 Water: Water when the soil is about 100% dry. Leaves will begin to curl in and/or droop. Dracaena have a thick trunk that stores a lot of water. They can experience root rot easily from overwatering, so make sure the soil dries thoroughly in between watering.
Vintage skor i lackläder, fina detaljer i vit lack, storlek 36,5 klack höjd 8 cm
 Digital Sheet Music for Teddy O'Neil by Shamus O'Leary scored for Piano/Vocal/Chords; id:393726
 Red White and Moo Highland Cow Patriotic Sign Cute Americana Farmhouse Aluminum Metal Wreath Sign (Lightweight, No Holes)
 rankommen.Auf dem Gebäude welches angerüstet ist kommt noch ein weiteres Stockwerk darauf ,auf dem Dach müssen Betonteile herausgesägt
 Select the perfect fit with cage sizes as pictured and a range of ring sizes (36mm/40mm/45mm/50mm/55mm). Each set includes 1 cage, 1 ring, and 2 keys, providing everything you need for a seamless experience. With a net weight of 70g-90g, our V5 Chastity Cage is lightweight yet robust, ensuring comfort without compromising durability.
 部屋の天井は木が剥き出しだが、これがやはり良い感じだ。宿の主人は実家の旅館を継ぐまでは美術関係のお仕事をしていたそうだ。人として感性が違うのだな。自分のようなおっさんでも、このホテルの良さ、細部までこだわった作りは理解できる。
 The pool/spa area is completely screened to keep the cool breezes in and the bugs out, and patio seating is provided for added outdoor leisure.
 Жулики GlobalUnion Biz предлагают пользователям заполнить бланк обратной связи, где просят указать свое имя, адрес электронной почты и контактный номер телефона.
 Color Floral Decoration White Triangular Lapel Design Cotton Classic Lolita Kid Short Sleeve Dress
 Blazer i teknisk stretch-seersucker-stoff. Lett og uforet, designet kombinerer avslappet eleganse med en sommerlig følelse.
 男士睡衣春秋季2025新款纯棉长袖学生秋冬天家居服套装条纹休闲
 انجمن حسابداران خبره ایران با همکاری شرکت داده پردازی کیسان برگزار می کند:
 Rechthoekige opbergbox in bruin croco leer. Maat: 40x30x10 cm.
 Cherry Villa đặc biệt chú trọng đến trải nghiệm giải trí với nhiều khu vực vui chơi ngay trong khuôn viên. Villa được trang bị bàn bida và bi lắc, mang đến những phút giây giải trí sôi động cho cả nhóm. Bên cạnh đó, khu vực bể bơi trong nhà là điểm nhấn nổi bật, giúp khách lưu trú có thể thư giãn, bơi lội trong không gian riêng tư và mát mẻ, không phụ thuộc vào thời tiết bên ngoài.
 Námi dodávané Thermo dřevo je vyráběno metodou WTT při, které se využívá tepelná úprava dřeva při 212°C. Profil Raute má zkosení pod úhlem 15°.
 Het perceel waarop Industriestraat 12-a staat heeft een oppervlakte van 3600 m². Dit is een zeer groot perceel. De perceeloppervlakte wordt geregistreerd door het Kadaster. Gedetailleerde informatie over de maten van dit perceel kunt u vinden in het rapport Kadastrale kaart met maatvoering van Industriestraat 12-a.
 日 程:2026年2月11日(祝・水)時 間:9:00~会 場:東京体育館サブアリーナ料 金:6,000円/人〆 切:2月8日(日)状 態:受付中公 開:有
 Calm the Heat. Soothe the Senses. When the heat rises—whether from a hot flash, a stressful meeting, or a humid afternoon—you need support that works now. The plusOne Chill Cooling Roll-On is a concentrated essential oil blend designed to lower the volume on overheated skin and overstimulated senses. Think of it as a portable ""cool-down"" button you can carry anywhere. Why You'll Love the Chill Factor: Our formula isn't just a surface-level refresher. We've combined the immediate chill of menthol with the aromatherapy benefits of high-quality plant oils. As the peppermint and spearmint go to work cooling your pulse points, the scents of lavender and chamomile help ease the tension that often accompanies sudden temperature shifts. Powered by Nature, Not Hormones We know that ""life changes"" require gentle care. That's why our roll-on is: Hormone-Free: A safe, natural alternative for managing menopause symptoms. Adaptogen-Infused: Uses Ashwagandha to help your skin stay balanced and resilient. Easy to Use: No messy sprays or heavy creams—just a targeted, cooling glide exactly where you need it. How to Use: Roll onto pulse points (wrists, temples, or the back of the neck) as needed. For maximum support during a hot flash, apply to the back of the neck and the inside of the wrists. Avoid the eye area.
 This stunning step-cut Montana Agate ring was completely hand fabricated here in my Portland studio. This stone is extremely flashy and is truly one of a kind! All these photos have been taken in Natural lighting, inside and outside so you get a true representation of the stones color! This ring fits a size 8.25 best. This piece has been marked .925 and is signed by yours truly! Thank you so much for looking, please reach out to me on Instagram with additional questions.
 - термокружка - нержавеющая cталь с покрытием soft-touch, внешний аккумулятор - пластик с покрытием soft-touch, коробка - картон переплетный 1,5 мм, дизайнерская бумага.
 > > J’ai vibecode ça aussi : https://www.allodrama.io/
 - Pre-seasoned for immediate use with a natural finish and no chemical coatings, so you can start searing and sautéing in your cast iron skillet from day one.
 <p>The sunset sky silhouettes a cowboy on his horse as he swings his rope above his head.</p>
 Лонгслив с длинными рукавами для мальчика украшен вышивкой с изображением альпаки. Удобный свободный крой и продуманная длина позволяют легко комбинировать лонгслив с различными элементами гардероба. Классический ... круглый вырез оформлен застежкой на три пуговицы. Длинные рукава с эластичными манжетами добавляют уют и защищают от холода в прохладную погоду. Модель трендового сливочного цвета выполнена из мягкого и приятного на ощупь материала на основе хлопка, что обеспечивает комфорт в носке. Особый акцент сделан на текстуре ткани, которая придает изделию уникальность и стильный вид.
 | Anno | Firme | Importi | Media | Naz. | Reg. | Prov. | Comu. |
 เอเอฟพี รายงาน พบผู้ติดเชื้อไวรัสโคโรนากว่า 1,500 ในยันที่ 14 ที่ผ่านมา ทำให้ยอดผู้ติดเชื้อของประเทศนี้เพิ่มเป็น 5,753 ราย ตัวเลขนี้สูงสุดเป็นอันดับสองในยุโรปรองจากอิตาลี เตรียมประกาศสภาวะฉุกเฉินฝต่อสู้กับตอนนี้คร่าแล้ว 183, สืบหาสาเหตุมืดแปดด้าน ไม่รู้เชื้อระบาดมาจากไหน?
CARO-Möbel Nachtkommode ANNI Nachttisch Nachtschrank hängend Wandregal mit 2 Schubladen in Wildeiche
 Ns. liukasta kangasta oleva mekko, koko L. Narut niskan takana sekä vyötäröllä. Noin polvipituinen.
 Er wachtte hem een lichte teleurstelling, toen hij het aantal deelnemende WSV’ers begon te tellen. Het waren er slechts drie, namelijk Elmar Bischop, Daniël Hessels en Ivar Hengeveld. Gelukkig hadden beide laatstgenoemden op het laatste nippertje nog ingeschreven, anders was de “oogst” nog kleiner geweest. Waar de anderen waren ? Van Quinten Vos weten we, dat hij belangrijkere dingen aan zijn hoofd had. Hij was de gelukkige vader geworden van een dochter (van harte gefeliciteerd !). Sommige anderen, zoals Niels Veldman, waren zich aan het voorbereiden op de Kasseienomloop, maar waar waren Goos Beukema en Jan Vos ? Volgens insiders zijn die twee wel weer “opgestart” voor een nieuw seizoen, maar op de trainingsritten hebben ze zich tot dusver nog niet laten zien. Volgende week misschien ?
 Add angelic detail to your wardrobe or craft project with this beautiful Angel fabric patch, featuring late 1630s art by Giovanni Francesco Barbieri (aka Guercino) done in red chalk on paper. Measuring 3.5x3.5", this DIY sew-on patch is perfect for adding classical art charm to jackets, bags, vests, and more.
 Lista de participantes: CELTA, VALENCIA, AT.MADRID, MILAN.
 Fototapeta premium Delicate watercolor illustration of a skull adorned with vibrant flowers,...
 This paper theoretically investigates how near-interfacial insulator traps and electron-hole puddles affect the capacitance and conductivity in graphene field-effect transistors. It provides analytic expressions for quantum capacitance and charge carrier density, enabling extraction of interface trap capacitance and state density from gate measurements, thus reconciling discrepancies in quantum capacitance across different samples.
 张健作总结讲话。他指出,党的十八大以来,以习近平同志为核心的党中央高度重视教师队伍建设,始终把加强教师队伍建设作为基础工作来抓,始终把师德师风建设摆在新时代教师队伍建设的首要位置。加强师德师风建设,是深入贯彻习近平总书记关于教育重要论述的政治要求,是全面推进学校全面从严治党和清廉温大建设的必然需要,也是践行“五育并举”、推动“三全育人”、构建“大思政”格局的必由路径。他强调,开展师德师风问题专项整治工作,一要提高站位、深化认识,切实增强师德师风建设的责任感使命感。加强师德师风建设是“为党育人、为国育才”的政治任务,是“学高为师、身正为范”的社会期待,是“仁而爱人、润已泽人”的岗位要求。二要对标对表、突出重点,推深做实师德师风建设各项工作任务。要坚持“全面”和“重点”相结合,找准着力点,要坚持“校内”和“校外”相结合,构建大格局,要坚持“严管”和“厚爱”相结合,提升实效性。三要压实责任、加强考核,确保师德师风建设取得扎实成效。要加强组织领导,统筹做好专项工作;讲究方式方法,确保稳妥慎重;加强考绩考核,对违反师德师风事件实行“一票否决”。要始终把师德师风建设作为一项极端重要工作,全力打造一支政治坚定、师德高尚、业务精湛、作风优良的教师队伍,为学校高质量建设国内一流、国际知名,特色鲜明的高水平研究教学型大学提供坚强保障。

================================

Output only an exact transcription of the lines above from the one with "Лонгслив с длинными" up to and including the one with "Ns. liukasta kangasta".

 Лонгслив с длинными рукавами для мальчика украшен вышивкой с изображением альпаки. Удобный свободный крой и продуманная длина позволяют легко комбинировать лонгслив с различными элементами гардероба. Классический ... круглый вырез оформлен застежкой на три пуговицы. Длинные рукава с эластичными манжетами добавляют уют и защищают от холода в прохладную погоду. Модель трендового сливочного цвета выполнена из мягкого и приятного на ощупь материала на основе хлопка, что обеспечивает комфорт в носке. Особый акцент сделан на текстуре ткани, которая придает изделию уникальность и стильный вид.
 | Anno | Firme | Importi | Media | Naz. | Reg. | Prov. | Comu. |
 เอเอฟพี รายงาน พบผู้ติดเชื้อไวรัสโคโรนากว่า 1,500 ในยันที่ 14 ที่ผ่านมา ทำให้ยอดผู้ติดเชื้อของประเทศนี้เพิ่มเป็น 5,753 ราย ตัวเลขนี้สูงสุดเป็นอันดับสองในยุโรปรองจากอิตาลี เตรียมประกาศสภาวะฉุกเฉินฝต่อสู้กับตอนนี้คร่าแล้ว 183, สืบหาสาเหตุมืดแปดด้าน ไม่รู้เชื้อระบาดมาจากไหน?
CARO-Möbel Nachtkommode ANNI Nachttisch Nachtschrank hängend Wandregal mit 2 Schubladen in Wildeiche
 Ns. liukasta kangasta oleva mekko, koko L. Narut niskan takana sekä vyötäröllä. Noin polvipituinen.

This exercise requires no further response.